Frequently asked questions

Can this vulnerability be exploited without the user seeing anything unusual?

No. The vulnerability requires user interaction—an attacker must trick the user into interacting with the spoofed UI (e.g., entering credentials into a fake password dialog). Users who carefully examine password prompts for inconsistencies or who are using Chrome's built-in password manager on a trusted network are at lower risk.

Does this affect Chrome on mobile devices?

The description and CVE details provided reference Chrome on major operating systems including Linux, Windows, and macOS. Chrome on Android and iOS may or may not be affected; verify against Google's official Chrome security update documentation and mobile platform release notes for definitive status.

If my organization uses a different password manager (e.g., Dashlane, 1Password), am I affected?

No. This vulnerability is specific to Google Chrome's built-in Password Manager component. Third-party password managers are not affected. However, users may still have Chrome's password manager enabled in parallel; disabling it is an option if you want to force use of a third-party solution.

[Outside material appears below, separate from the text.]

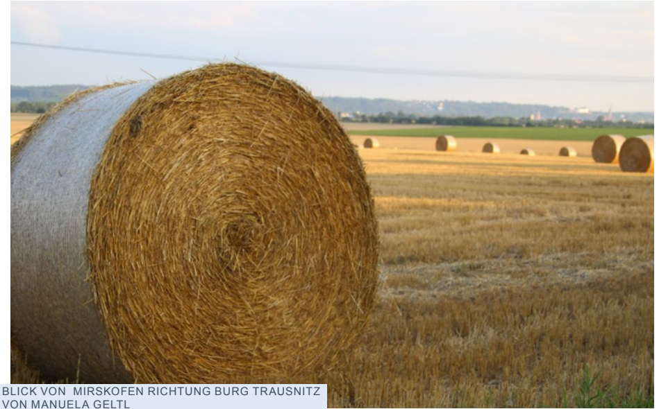
BLICK VON MIRSKOFEN RICHTUNG BURG TRAUSSNITZ VON MANUELA GELTL

What is the difference between this vulnerability and a typical phishing attack?

A typical phishing attack uses a fake website or email to trick users into visiting a malicious page. This vulnerability allows an attacker to fake the UI *within* Chrome itself—for example, by spoofing the password manager's dialog or other security UI elements. This is more convincing because the user sees the spoofed interface in the context of Chrome's legitimate UI, making it harder to distinguish from reality.

This analysis is based on the published CVE description, CVSS vector, and related metadata as of the modification date (2026-06-17). Patch version numbers, affected product versions, and vendor advisories must be verified against official Google Chrome security advisories and release notes at https://chromereleases.googleblog.com/. Exploit details, proof-of-concept code, or weaponized attack techniques are not provided. Organizations should conduct their own risk assessment based on their network environment, user behavior, and Chrome deployment practices. This intelligence is for informational purposes and should not be used as a substitute for professional security assessment or vendor guidance. Source: NVD (public-domain), retrieved 2026-07-13. Analysis generated by SEC.co (claude-haiku-4-5).